* **Available data**
------------------------
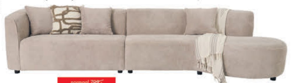
Loungebank Cliff Moderne loungebank met ronde longchair. Leverbaar in diverse bekledingen. In afgebeelde bouclé-stof snel leverbaar. In stof Supreme:

normaal 299,- nu 679,- met 15% extra XL-korting
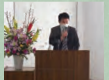
清水さいたま市長の講演
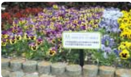
パンジーがきれいに咲きました

ことしも20団体程度に提供を予定しています。一緒に花いっぱいの宮前区にしませんか。
------------------------
* **Exercise instructions**
Reproduce the lines of the listing exactly, starting at the one that contains "normaal 299,- nu" and continuing through the final line, but leave out the pictures.

* **Written answer**
normaal 299,- nu 679,- met 15% extra XL-korting
清水さいたま市長の講演
パンジーがきれいに咲きました

ことしも20団体程度に提供を予定しています。一緒に花いっぱいの宮前区にしませんか。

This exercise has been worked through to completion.